PROVIDED MATERIAL:
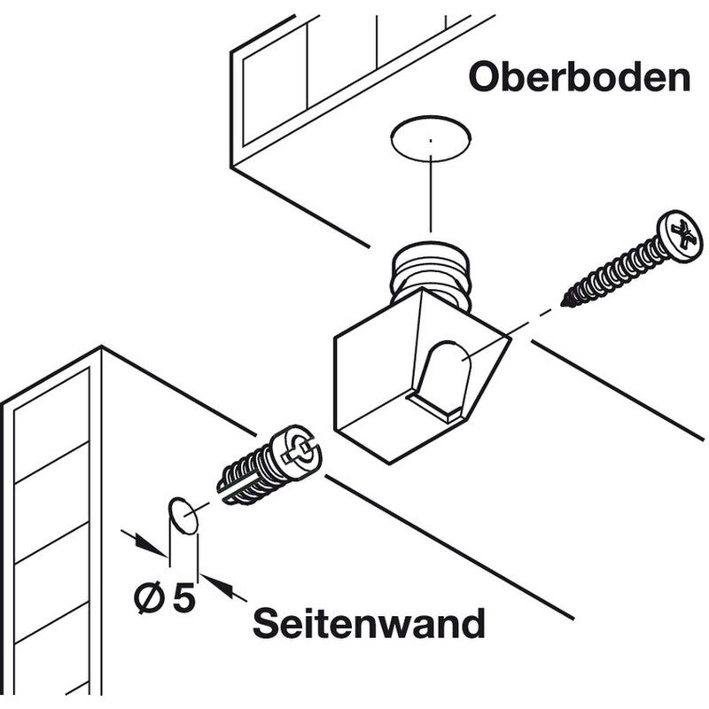 Die Montage erfolgt durch Einbohren in die Möbelwand, wodurch eine saubere und unauffällige Befestigung gewährleistet ist. Mit seiner kompakten Bauweise ermöglicht der Verbinder eine schnelle und einfache Verarbeitung – sowohl im professionellen Möbelbau als auch bei Heimwerkerprojekten.
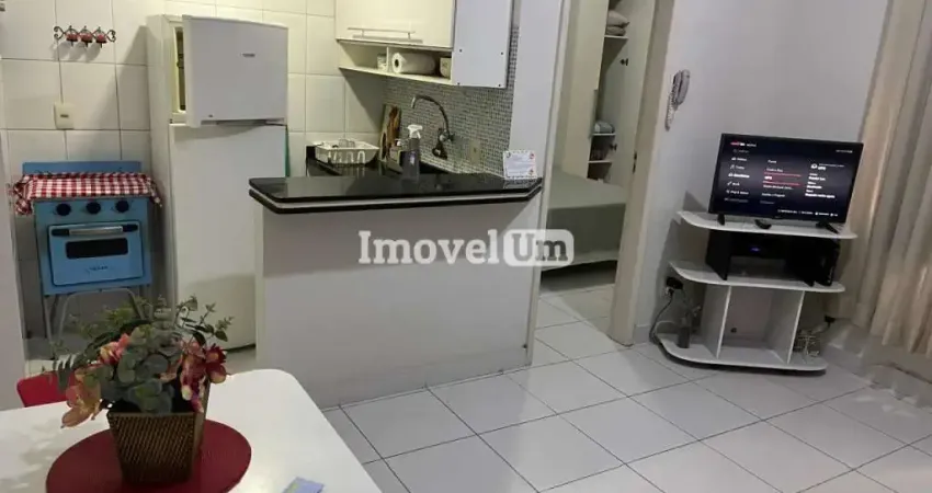 Ótimo apartamento 40m² , MOBILIADO, SILENCIOSO, CLARO E AREJADO, composto por 1 quarto suíte, armários, banheiro com armário e blindex, sala, cozinha americana, totalmente climatizado, piso frio, janela na sala e no quarto.
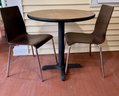 Formica Top 3o inch wide table with wrought iron base. Chairs are chrome with bentwood seats
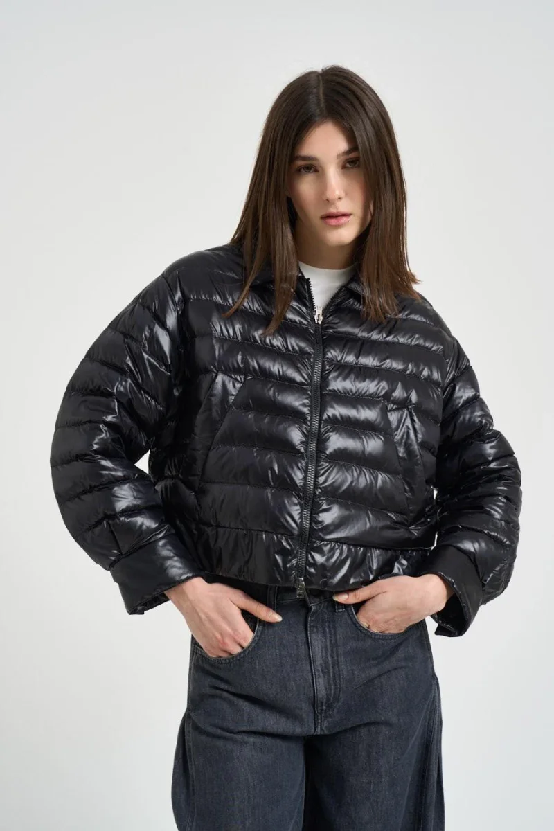 Cappa donna cropped leggera nera

WORK INSTRUCTION: At the line containing "Formica Top 3o", start reproducing exactly, and stop after the last line of the listing; include both ends, and leave the pictures out.

WRITTEN SOLUTION:
 Formica Top 3o inch wide table with wrought iron base. Chairs are chrome with bentwood seats
 Cappa donna cropped leggera nera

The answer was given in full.